Her self-confidence is evident in O’Neal’s “Three Faces of Diana,” a startling portrait in watercolor that affirms her sense of pigment saturation, determination and humor. The subject is a woman dressed in a bright tutu, carrying a pitchfork, and wearing an opera style helmet with horns.

She and her husband owned and operated a frame shop, during which time they attended art receptions and exhibits, before another door opened, a position with the home furnisher Rooms to Go.
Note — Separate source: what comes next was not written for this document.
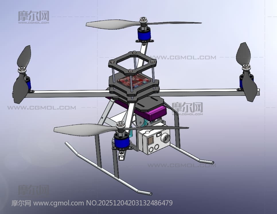 航拍无人机, 该作品由作者(机械大攻城狮)上传发布。 文件格式有:sldasm, 建议使用solidworks2019等软件打开。文件大小: 5.06MB

“I did display and visual design for about 35 years. This offered a lot of artistic freedom with some standards. Staff weren’t allowed to place their own work in the rooms. The company sent us to the Japan franchises. We stayed in Yokohama, worked during the day then at night went sightseeing,” O’Neal recalls with a gleam.
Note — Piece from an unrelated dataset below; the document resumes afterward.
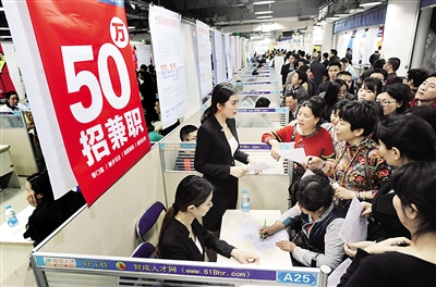 23日上午11點(diǎn),重慶市江北區(qū)觀音橋一家人才招聘市場(chǎng)內(nèi),一個(gè)掛著“五十萬(wàn)招兼職”海報(bào)的招聘展位前人頭攢動(dòng)。排隊(duì)等候填表報(bào)名的人將兩米寬的過(guò)道塞得滿滿當(dāng)當(dāng)。

Following her retirement, O’Neal, still an independent artist, became a board member at the nonprofit Isola Arts, founded by Katherine Larson. Abiding to the mantra of “Art in Unusual Places,” they held one of their first group exhibits at the “haunted” Tangelo Apartments building.

Built in the mid-1920s, it is said to have paranormal activities, and during building renovations, workers began to experience intermittent vertigo and heard strange creaking noises. Even the artists felt something strange about the building, but O’Neal and the others were pleased with the turnout, no doubt helped by the ghostly intrigue.

Soon after, Larson and Charlotte Tripson, great-granddaughter of Waldo Sexton, launched Waldo’s Secret Art Walk, weekends the first Friday through Sunday of the month at the Sexton homestead. Its winding stone-pebbled paths offer a unique place for O’Neal and other Isola Arts artists to showcase their work.

O’Neal and her husband of 31 years, a retired chemical engineer, enjoy reading, Florida summers, each other’s company, and staying engaged with nature, artists and the arts of Vero Beach.

She advises aspiring artists to “be yourself, stay true to yourself and don’t get influenced by whatever other people are doing. Do who you are.”